# [WORK ITEM]
Copy out the data in full and exactly, passing over the pictures.

# [DATA PROVIDED]
-*-

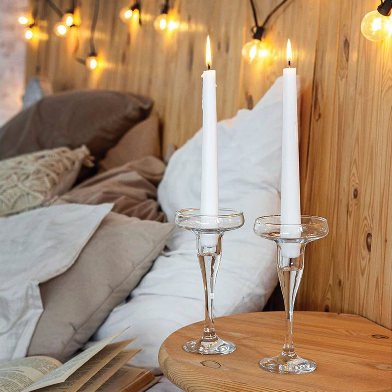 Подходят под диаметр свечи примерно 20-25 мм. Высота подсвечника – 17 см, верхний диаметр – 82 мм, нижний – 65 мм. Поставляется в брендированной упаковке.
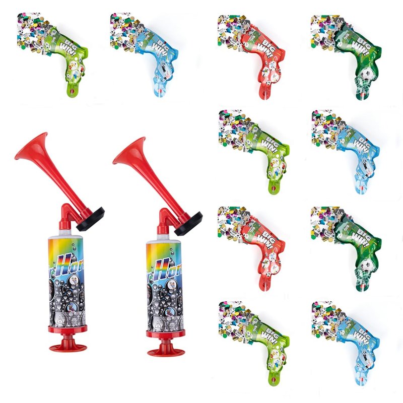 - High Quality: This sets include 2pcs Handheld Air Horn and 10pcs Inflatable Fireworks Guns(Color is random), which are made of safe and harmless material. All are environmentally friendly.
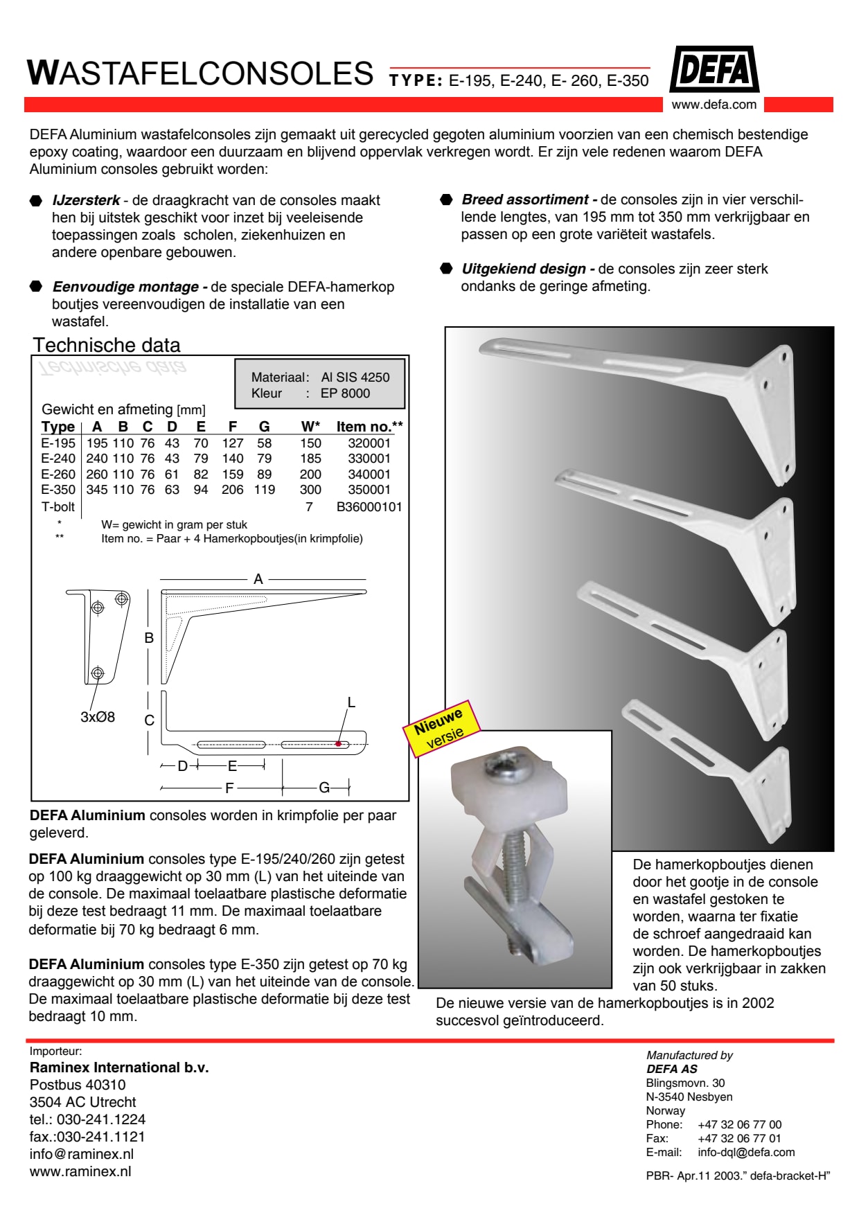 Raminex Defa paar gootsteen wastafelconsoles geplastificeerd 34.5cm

-*-

# [TASK ANSWER]
 Подходят под диаметр свечи примерно 20-25 мм. Высота подсвечника – 17 см, верхний диаметр – 82 мм, нижний – 65 мм. Поставляется в брендированной упаковке.
 - High Quality: This sets include 2pcs Handheld Air Horn and 10pcs Inflatable Fireworks Guns(Color is random), which are made of safe and harmless material. All are environmentally friendly.
 Raminex Defa paar gootsteen wastafelconsoles geplastificeerd 34.5cm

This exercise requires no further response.